- [MATERIAL FOR THIS EXERCISE]
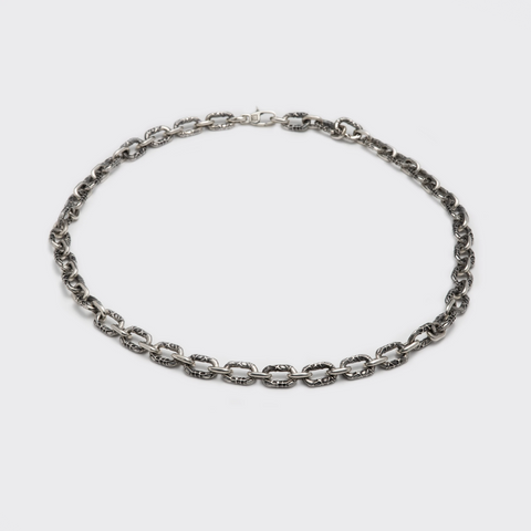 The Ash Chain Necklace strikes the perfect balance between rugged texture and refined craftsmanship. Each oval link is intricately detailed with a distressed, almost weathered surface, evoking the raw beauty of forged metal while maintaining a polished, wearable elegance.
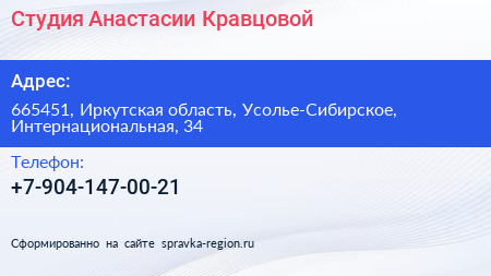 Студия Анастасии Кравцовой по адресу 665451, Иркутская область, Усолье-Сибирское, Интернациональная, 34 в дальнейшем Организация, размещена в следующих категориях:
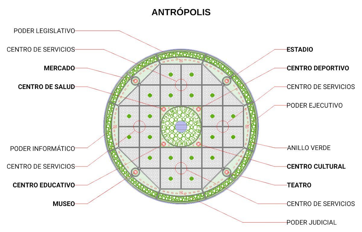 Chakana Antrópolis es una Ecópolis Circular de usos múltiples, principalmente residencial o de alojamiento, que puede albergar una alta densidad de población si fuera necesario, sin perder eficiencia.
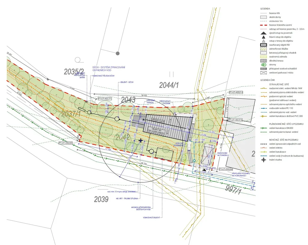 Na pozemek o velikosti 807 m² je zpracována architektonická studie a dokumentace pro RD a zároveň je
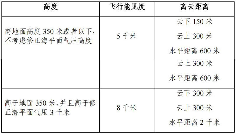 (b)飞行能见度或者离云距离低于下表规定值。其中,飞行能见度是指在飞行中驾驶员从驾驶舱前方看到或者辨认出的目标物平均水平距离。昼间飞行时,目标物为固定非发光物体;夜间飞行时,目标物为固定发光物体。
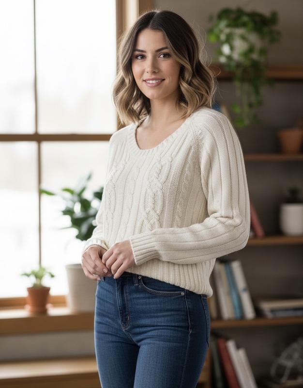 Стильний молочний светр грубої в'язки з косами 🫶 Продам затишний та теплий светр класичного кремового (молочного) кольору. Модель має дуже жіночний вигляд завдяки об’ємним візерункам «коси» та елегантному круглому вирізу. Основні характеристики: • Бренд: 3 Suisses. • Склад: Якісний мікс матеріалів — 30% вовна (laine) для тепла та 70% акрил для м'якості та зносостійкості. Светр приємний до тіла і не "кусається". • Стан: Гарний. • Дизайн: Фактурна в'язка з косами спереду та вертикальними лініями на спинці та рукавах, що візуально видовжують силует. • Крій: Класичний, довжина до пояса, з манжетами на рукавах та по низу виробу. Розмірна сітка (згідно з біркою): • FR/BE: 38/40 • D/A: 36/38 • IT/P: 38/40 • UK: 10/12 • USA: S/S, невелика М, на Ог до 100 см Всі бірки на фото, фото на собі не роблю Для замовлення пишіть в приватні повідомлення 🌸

- [YOUR TASK] Everything in the material above must be repeated exactly, apart from its pictures.

- [WORKED SOLUTION]
 The Ash Chain Necklace strikes the perfect balance between rugged texture and refined craftsmanship. Each oval link is intricately detailed with a distressed, almost weathered surface, evoking the raw beauty of forged metal while maintaining a polished, wearable elegance.
 Студия Анастасии Кравцовой по адресу 665451, Иркутская область, Усолье-Сибирское, Интернациональная, 34 в дальнейшем Организация, размещена в следующих категориях:
 Chakana Antrópolis es una Ecópolis Circular de usos múltiples, principalmente residencial o de alojamiento, que puede albergar una alta densidad de población si fuera necesario, sin perder eficiencia.
 Na pozemek o velikosti 807 m² je zpracována architektonická studie a dokumentace pro RD a zároveň je
 (b)飞行能见度或者离云距离低于下表规定值。其中,飞行能见度是指在飞行中驾驶员从驾驶舱前方看到或者辨认出的目标物平均水平距离。昼间飞行时,目标物为固定非发光物体;夜间飞行时,目标物为固定发光物体。
 Стильний молочний светр грубої в'язки з косами 🫶 Продам затишний та теплий светр класичного кремового (молочного) кольору. Модель має дуже жіночний вигляд завдяки об’ємним візерункам «коси» та елегантному круглому вирізу. Основні характеристики: • Бренд: 3 Suisses. • Склад: Якісний мікс матеріалів — 30% вовна (laine) для тепла та 70% акрил для м'якості та зносостійкості. Светр приємний до тіла і не "кусається". • Стан: Гарний. • Дизайн: Фактурна в'язка з косами спереду та вертикальними лініями на спинці та рукавах, що візуально видовжують силует. • Крій: Класичний, довжина до пояса, з манжетами на рукавах та по низу виробу. Розмірна сітка (згідно з біркою): • FR/BE: 38/40 • D/A: 36/38 • IT/P: 38/40 • UK: 10/12 • USA: S/S, невелика М, на Ог до 100 см Всі бірки на фото, фото на собі не роблю Для замовлення пишіть в приватні повідомлення 🌸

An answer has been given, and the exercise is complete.